→ **Task to carry out**: Starting at the first line of the listing below, retype each line up to and including the one that contains "キャストが登場し、トークが行". Leave pictures out.

→ **Data section**:
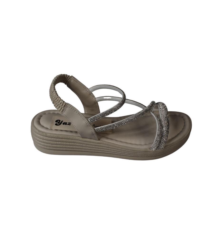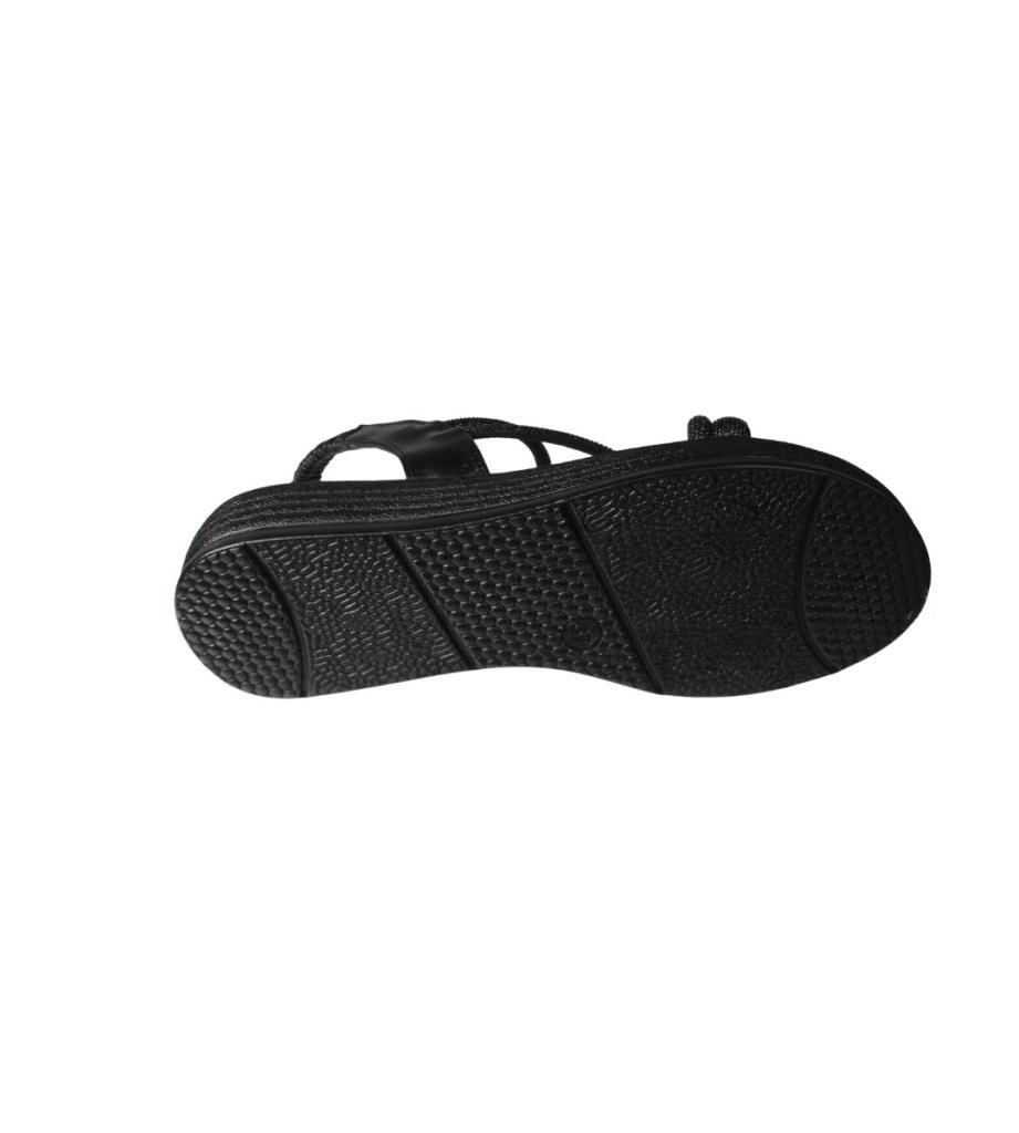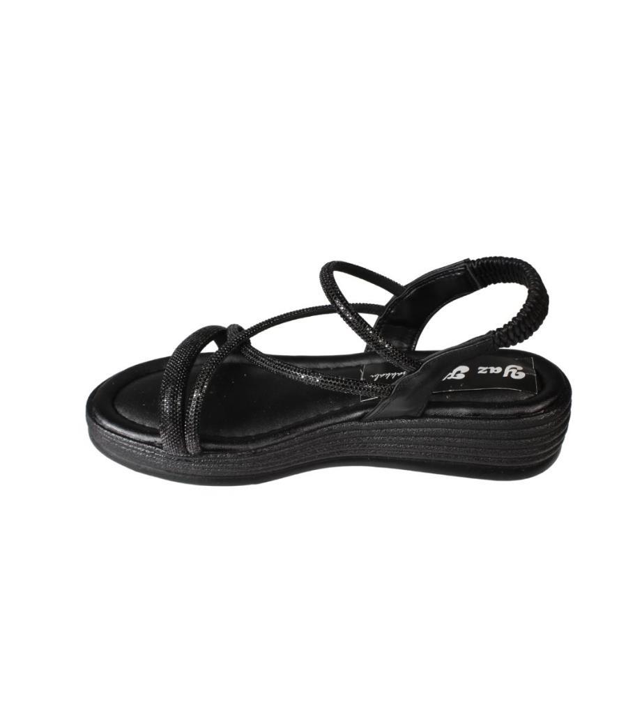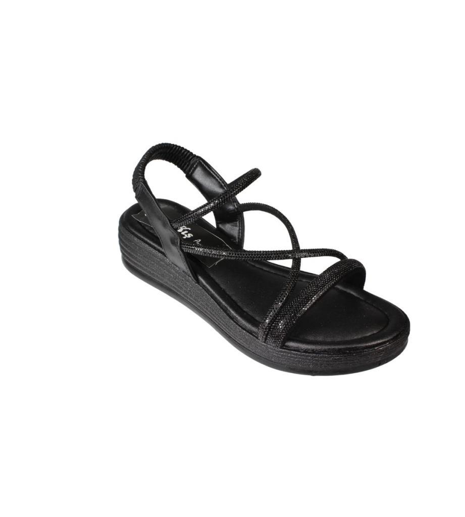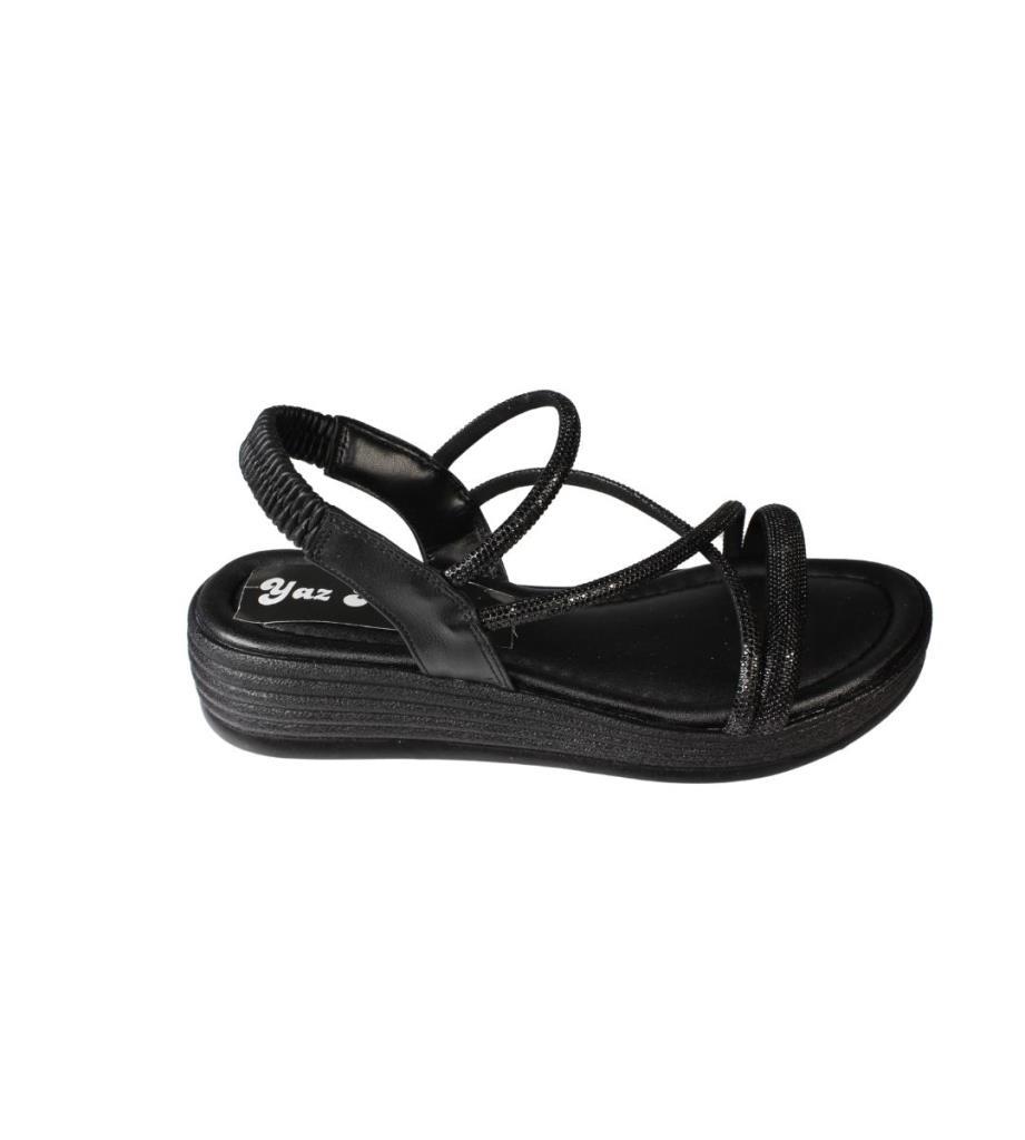 YAZKIŞ Kadın Siyah Ten Cilt Çift Bantlı Üzeri Çapraz Taşlı 4cm Arkası Lastikli Kalın Taban Sandalet
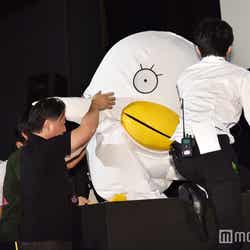 キャストが登場し、トークが行われていた終盤、エリザベスの横にいた福田監督がエリザベスに声をかけると一言「あつい…断ればよかった…」とコメント。そこで会場は“声”にざわつき、山田と頻繁に共演するムロツヨシも「聞き慣れた声…」と疑問を浮かべていた。
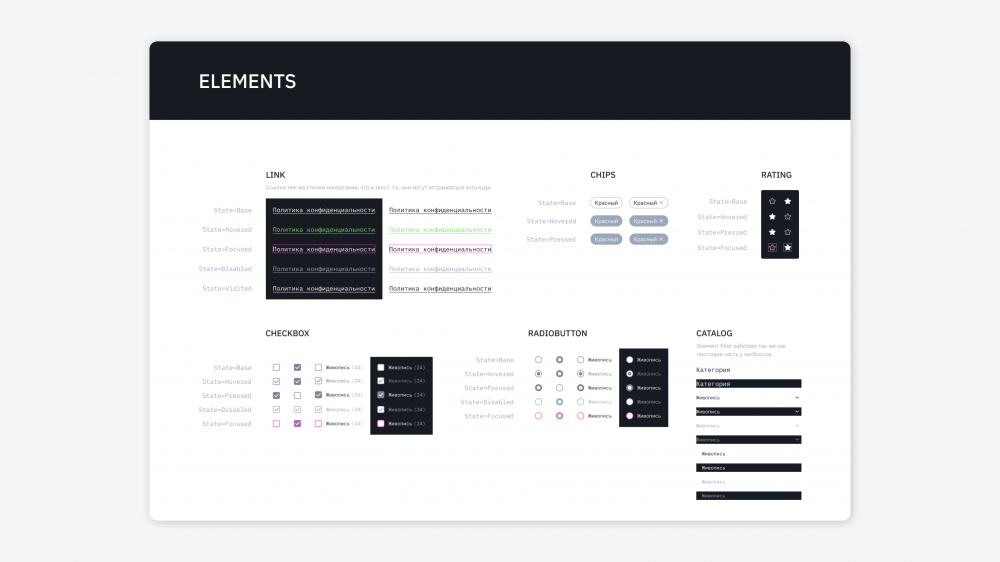 Структурируем полученный UI kit и разделяем на категории: типографика, кнопки, формы и другие. Так любой член команды сразу сможет понять, откуда нужно взять компонент.

→ **Task answer**:
 YAZKIŞ Kadın Siyah Ten Cilt Çift Bantlı Üzeri Çapraz Taşlı 4cm Arkası Lastikli Kalın Taban Sandalet
 キャストが登場し、トークが行われていた終盤、エリザベスの横にいた福田監督がエリザベスに声をかけると一言「あつい…断ればよかった…」とコメント。そこで会場は“声”にざわつき、山田と頻繁に共演するムロツヨシも「聞き慣れた声…」と疑問を浮かべていた。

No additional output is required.